<<<<

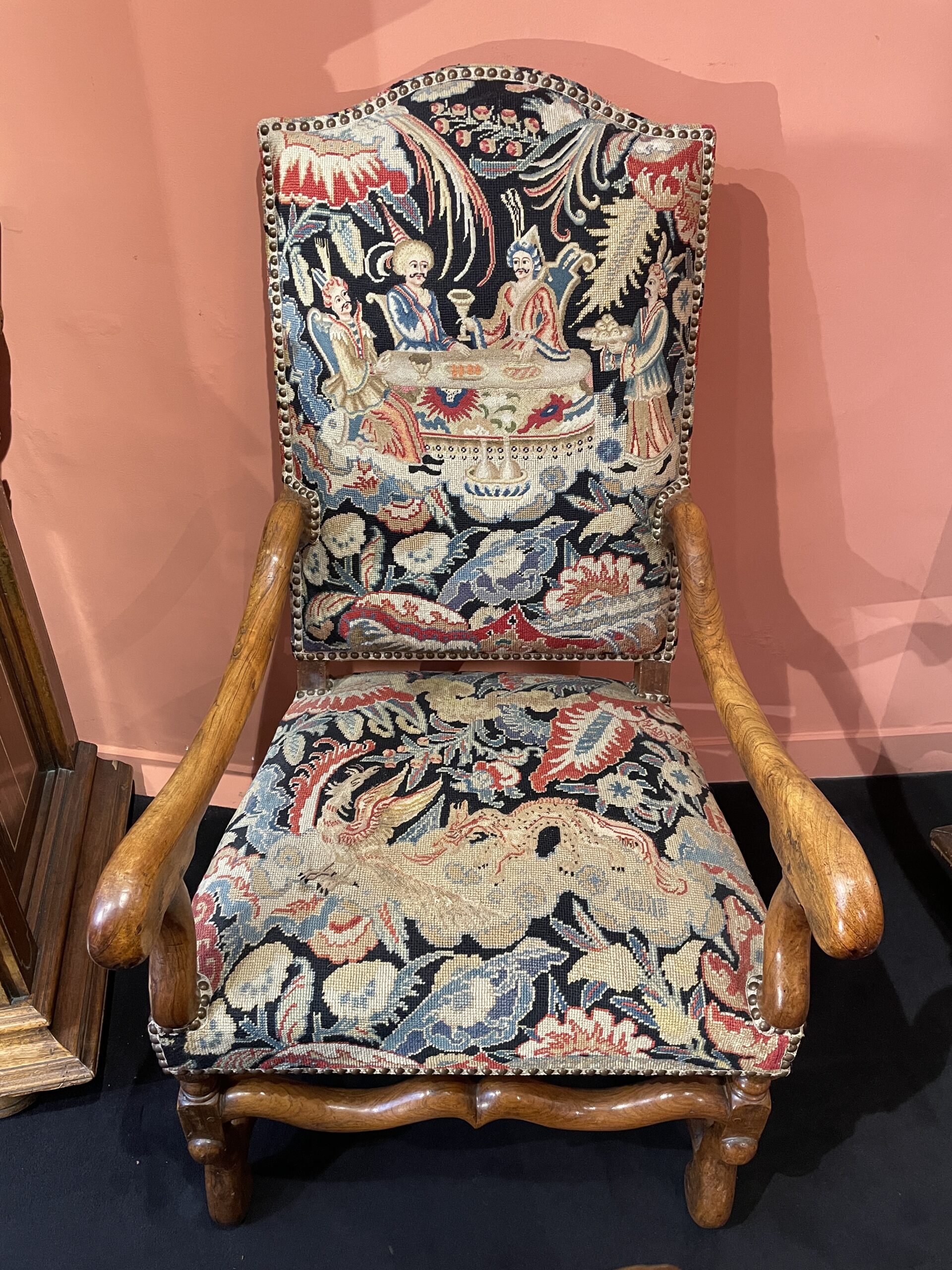 Le second fauteuil au décor toujours aussi luxuriant, présente une scène de repas où trois personnages festoient gaiement tandis qu’un serviteur apporte un beau plateau de fruits.
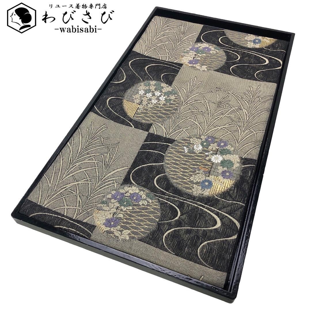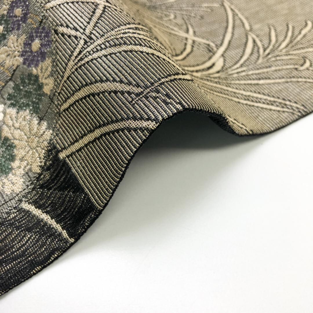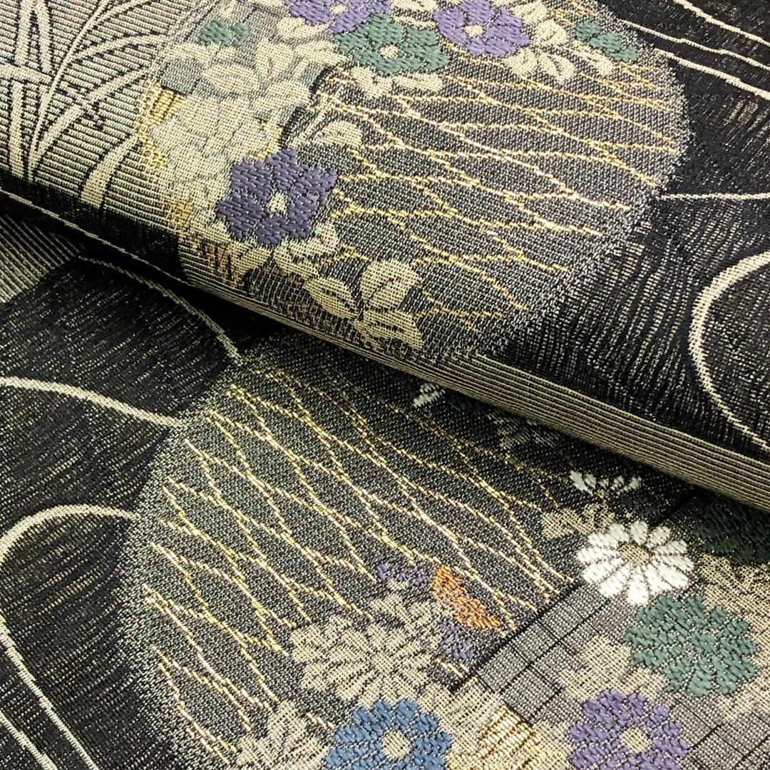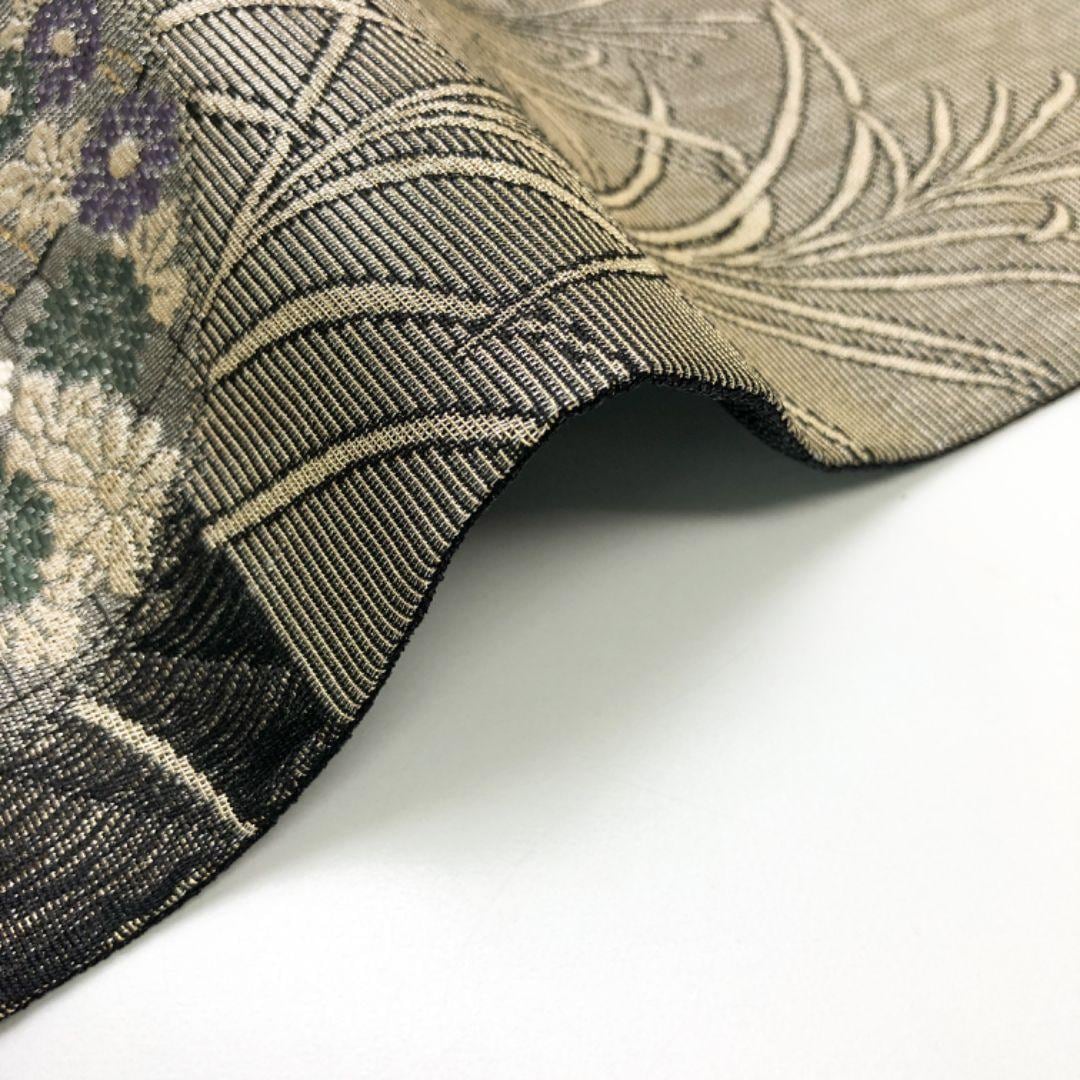 縦すくい織の落ち着いたお色味、格子柄に流水、丸の中に花模様がデザインされた雰囲気の良い素敵なお品でございます。
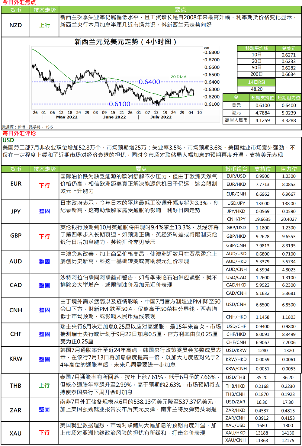 · 美国 7 月非农业职位增加 52.8 万,远高于市场预期的 25 万,前值亦上修至 39.8 万份。同期,失业率微跌 0.1 个百分点至 3.5%,不旦优于市场预期的 3.6%,且从回疫情前水平。主要受强劲的私人市场职位增长带动。至于 7 月平均工薪按月及按年分别增长 0.5%及 5.2%,市场原先预期为0.3%及 5.2%.美国就业报告意外强劲,使市场对美国加息忧虑再度升温,带动美元避险需求。
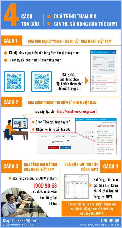 Cách thứ nhất: tra cứu qua ứng dụng “VssID – BHXH số” của BHXH Việt Nam. Để tra cứu thời hạn sử dụng thẻ, quá trình tham gia, thụ hưởng BHYT tại ứng dụng này, người tham gia chỉ cần cài đặt ứng dụng VssID trên nền tảng điện thoại thông minh và thực hiện đăng ký tài khoản để sử dụng ứng dụng.
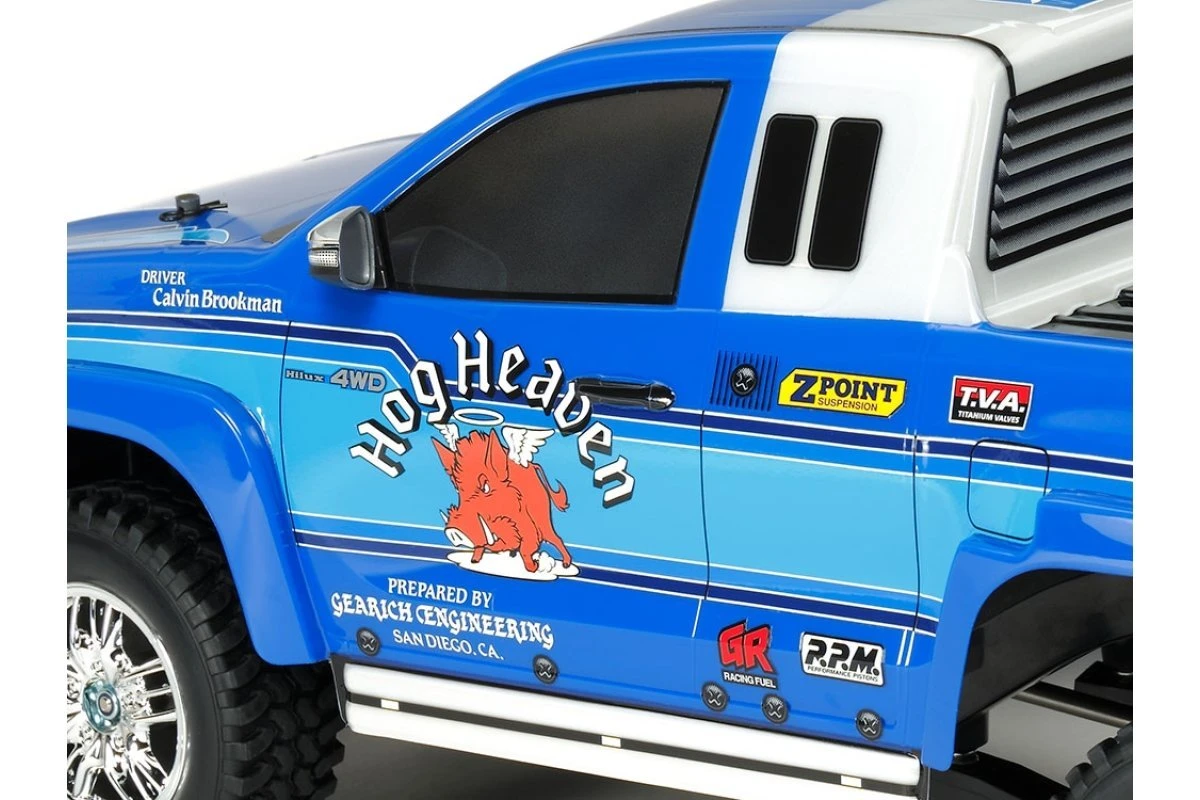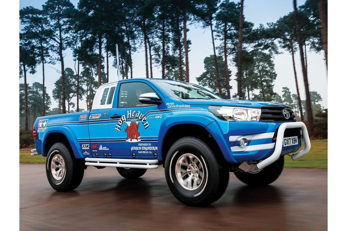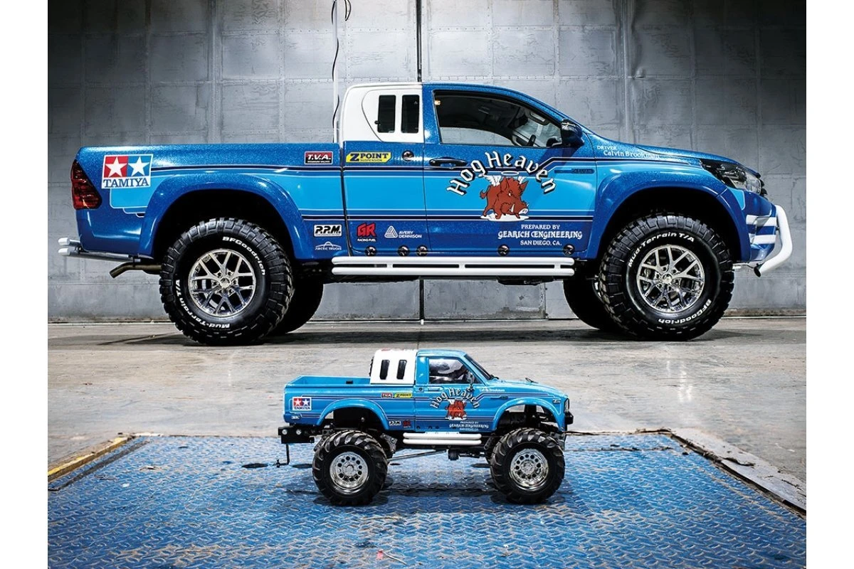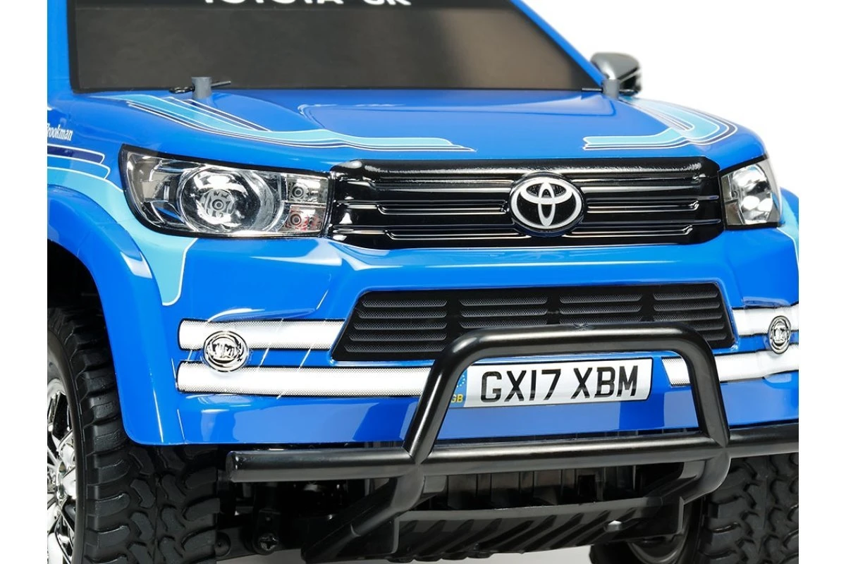 This model recreates the classic Toyota Hilux in the form of a new polycarbonate body mounted on the reliable and fun CC-01 cross country chassis. The kit depicts the 8th generation of the Hilux vehicle, released back in 2015, specifically a special full-size version of the Extra Cab which Toyota’s British division had made in the colors of Tamiya’s legendary Bruiser as a tribute to our model. It also appeared in some high-profile PR activities in Great Britain.

>>>>

◆ WORK ORDER
Word for word, write out the lines from the top of the records above down to the line holding "Cách thứ nhất: tra", inclusive, but not the pictures.

◆ WORKED SOLUTION
 Le second fauteuil au décor toujours aussi luxuriant, présente une scène de repas où trois personnages festoient gaiement tandis qu’un serviteur apporte un beau plateau de fruits.
 縦すくい織の落ち着いたお色味、格子柄に流水、丸の中に花模様がデザインされた雰囲気の良い素敵なお品でございます。
 · 美国 7 月非农业职位增加 52.8 万,远高于市场预期的 25 万,前值亦上修至 39.8 万份。同期,失业率微跌 0.1 个百分点至 3.5%,不旦优于市场预期的 3.6%,且从回疫情前水平。主要受强劲的私人市场职位增长带动。至于 7 月平均工薪按月及按年分别增长 0.5%及 5.2%,市场原先预期为0.3%及 5.2%.美国就业报告意外强劲,使市场对美国加息忧虑再度升温,带动美元避险需求。
 Cách thứ nhất: tra cứu qua ứng dụng “VssID – BHXH số” của BHXH Việt Nam. Để tra cứu thời hạn sử dụng thẻ, quá trình tham gia, thụ hưởng BHYT tại ứng dụng này, người tham gia chỉ cần cài đặt ứng dụng VssID trên nền tảng điện thoại thông minh và thực hiện đăng ký tài khoản để sử dụng ứng dụng.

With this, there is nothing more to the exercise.